(Data provided)
————

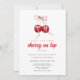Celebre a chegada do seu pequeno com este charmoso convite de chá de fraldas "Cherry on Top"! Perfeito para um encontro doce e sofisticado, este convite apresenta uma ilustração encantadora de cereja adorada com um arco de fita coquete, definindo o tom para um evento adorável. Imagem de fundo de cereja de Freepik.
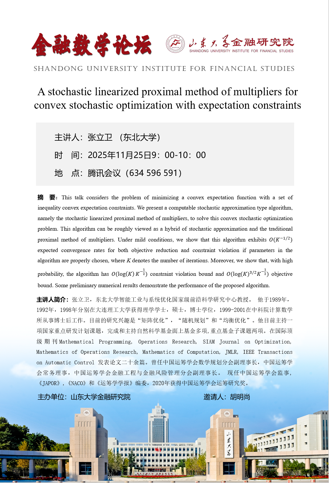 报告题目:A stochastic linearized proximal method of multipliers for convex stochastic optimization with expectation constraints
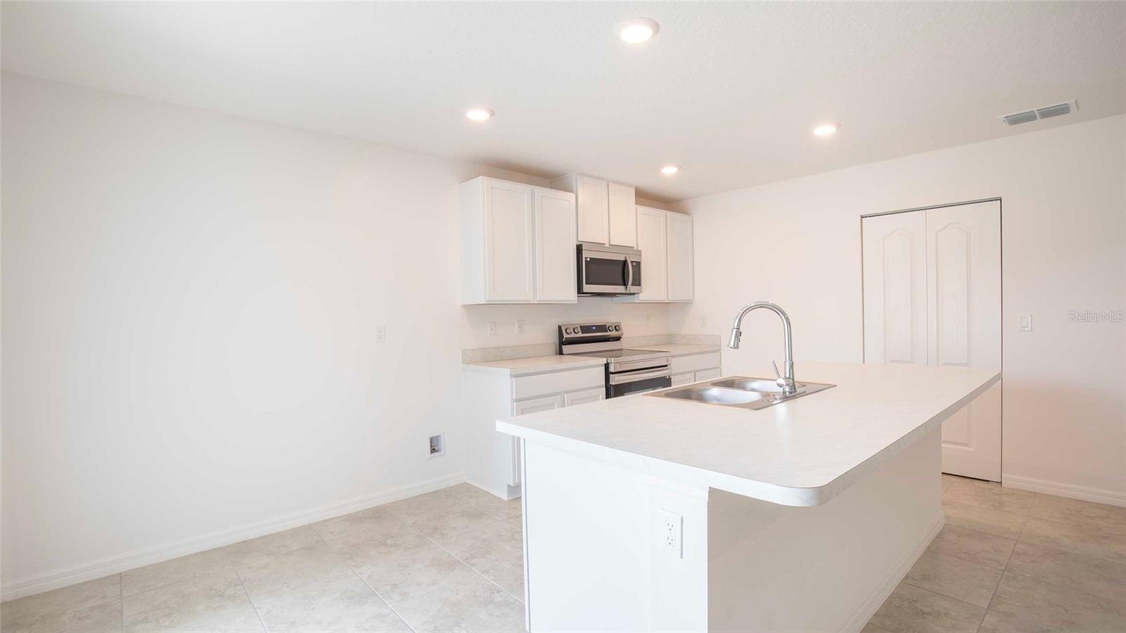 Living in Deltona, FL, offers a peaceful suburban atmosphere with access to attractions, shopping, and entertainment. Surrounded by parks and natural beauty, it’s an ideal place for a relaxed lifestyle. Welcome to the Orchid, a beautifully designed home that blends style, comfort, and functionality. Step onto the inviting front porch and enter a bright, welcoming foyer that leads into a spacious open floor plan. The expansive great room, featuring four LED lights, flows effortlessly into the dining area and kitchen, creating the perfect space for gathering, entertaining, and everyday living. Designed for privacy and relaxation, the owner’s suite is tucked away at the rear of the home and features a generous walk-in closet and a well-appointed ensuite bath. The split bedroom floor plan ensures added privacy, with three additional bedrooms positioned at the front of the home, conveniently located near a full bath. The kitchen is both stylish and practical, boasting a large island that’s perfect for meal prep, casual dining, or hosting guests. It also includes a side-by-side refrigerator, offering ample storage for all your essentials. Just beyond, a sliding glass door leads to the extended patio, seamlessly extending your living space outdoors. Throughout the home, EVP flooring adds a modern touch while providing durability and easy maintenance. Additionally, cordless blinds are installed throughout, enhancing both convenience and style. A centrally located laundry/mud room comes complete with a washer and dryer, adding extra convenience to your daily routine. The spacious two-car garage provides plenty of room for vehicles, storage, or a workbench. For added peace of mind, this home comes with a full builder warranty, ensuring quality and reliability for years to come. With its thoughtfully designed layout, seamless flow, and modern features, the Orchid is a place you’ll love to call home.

————

Omitting all pictures, restate exactly the lines of the material from its start through the line that contains "报告题目:A stochastic linearized".

Celebre a chegada do seu pequeno com este charmoso convite de chá de fraldas "Cherry on Top"! Perfeito para um encontro doce e sofisticado, este convite apresenta uma ilustração encantadora de cereja adorada com um arco de fita coquete, definindo o tom para um evento adorável. Imagem de fundo de cereja de Freepik.
 报告题目:A stochastic linearized proximal method of multipliers for convex stochastic optimization with expectation constraints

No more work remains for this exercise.